There are many factors which are duly considered while preparing long-term
budgets, such as market trends, economic factors, growth of population, consumption
pattern, industrial production, national income, government’s economic and industrial
policy.
Fundamentally, long-term budgeting is
putting your strategic goals into numbers.
It’s a good prediction of what cash inflows
and outflows your organization will be
experiencing in the future. Periodically
compare actual results to what you
forecasted earlier, and adjust your budget
accordingly for the future. So, reviewing
your budget will reveal areas of your
business that are most and least profitable.
This gives you an indication of which
projects to drop and which need more
attention and resources. Long-range
budgeting is about changing the direction
of the organization to meet its long-term
goals and insulate it from the upheavals
that periodically affect the economy.
Republic of the Philippines
State Universities and Colleges
GUIMARAS STATE COLLEGE
GRADUATE SCHOOL
McLain, Buenavista, Guimaras

Techniques for Focusing Long-Range Thinking


Most companies are good at short-term planning and often have excellent
strategic plans but fail in the implementation. According to an article in the Harvard
Business Review on long-term success, it's because they don't adequately focus on
how to bring those new ideas and technologies onboard. Here are four techniques that
help focus long-range thinking.
a. Forecasting
Long-range planning activities and goals need to be specific. Actions
should be deliberate and focused, not rough cut or vague. At the same time, they
need to recognize the realties and vagaries of business life. The environment will
change and plans should not be immutable, but amended as and when
necessary.
b. Handle Uncertainty and Unexpected Change
The planning process should consider risk and structural uncertainties.
There are certain events that are simply unknowable, until they happen. To the
extent that's it possible, plans should be flexible and robust enough to handle
risk. Take small bites and don't expose your organization to unnecessary risk.
Use sophisticated analytics to determine the most appropriate business decisions
to achieve your strategic goals. Set targets that are feasible and realistic. Don't
be tempted to follow your gut by making grandiose plans which can never
succeed. Test all decisions using decision support software, such as prescriptive
analytics, that allows you to model how your business works.
It's important to think holistically, ensure you have adequate decision
support software and have integrated your long-range planning with your
budgeting process to avoid conflict and unrealistic goals.
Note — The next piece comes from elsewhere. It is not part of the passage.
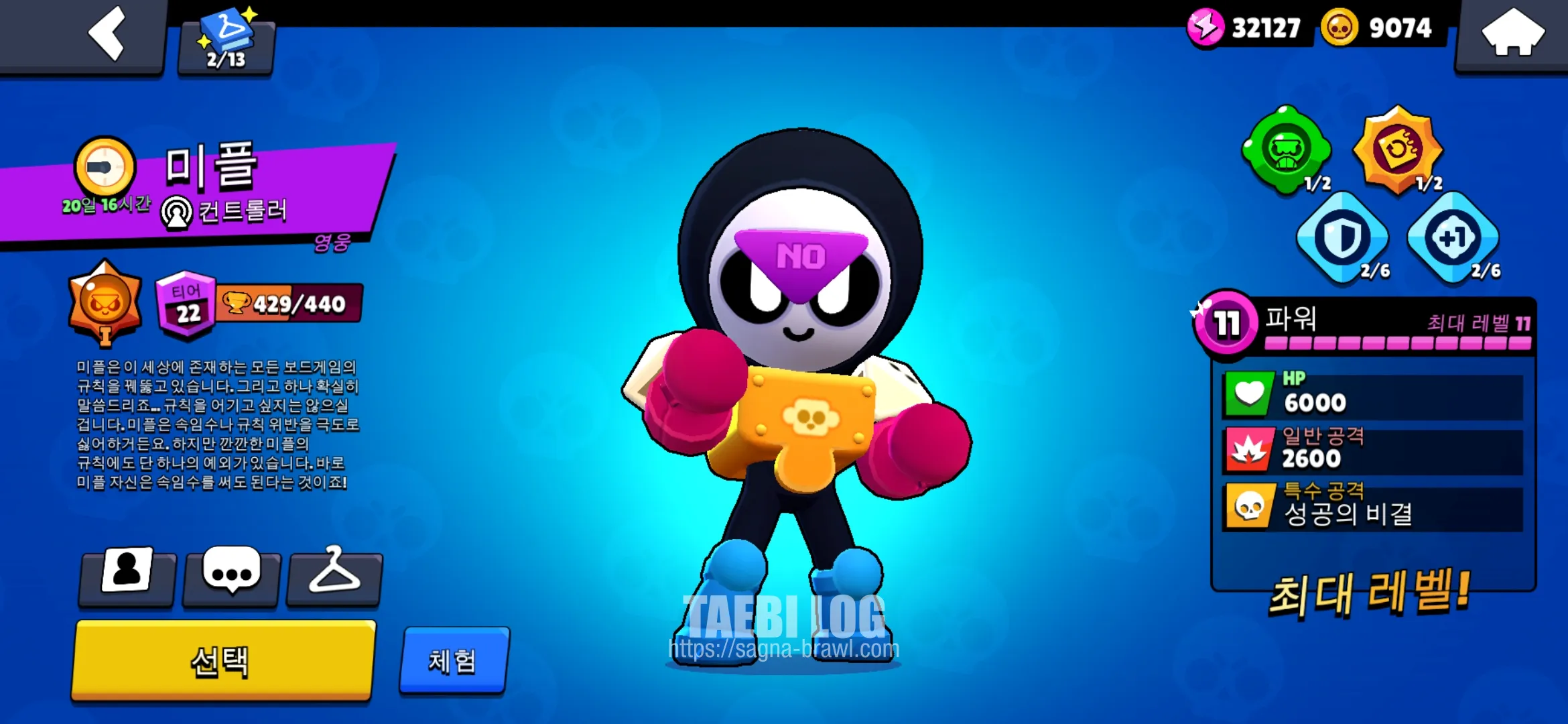 모두들 피자플래닛 이벤트를 진행하시느라 바쁘실 텐데요. 이번에 신규로 나온 브롤러 미플을 피자 상점에서 구매하고 사용해 보았습니다. 제가 최근에 나온 주주와 셰이드는 따로 분석을 진행하지 않았는데요. 좋긴 한데 뭔가 애매한(?) 사기까지는 아닌 것 같아서 넘어갔습니다. 그런데 이번에 나온 미플은 정말 사기 소리 들을만한 좋은 브롤러 인 것 같습니다.

Steps in Long Range Budgeting


Beyond the annual budget cycle and multi-year capital plan, governments need
to identify long-term financial trends. Long-term financial planning involves projecting
revenues, expenses, and key factors that have a financial impact on the organization.
Understanding long-term trends and potential risk factors that may impact overall
financial sustainability allows the finance officer to proactively address these issues. A
long-term financial planning process allows decision-makers to focus on long-term
objectives, encourages strategic thinking, and promotes overall awareness for financial
literacy in an organization.
Republic of the Philippines
State Universities and Colleges
GUIMARAS STATE COLLEGE
GRADUATE SCHOOL
McLain, Buenavista, Guimaras

a. Reviewing the Strategic Plan


A financial planning process should start with a strategic plan. You must
know what you want to accomplish at the start of the new year. A series of
questions that may be necessary to understand what needs to be accomplished
may include the following:
 Is expansion necessary?
 Is more equipment needed?
 Is it necessary to hire more staff?
 Is any other new resource necessary?
 How will the plan impact the cash flow of the business?
 Is financing necessary? If yes, how much financing is optimum?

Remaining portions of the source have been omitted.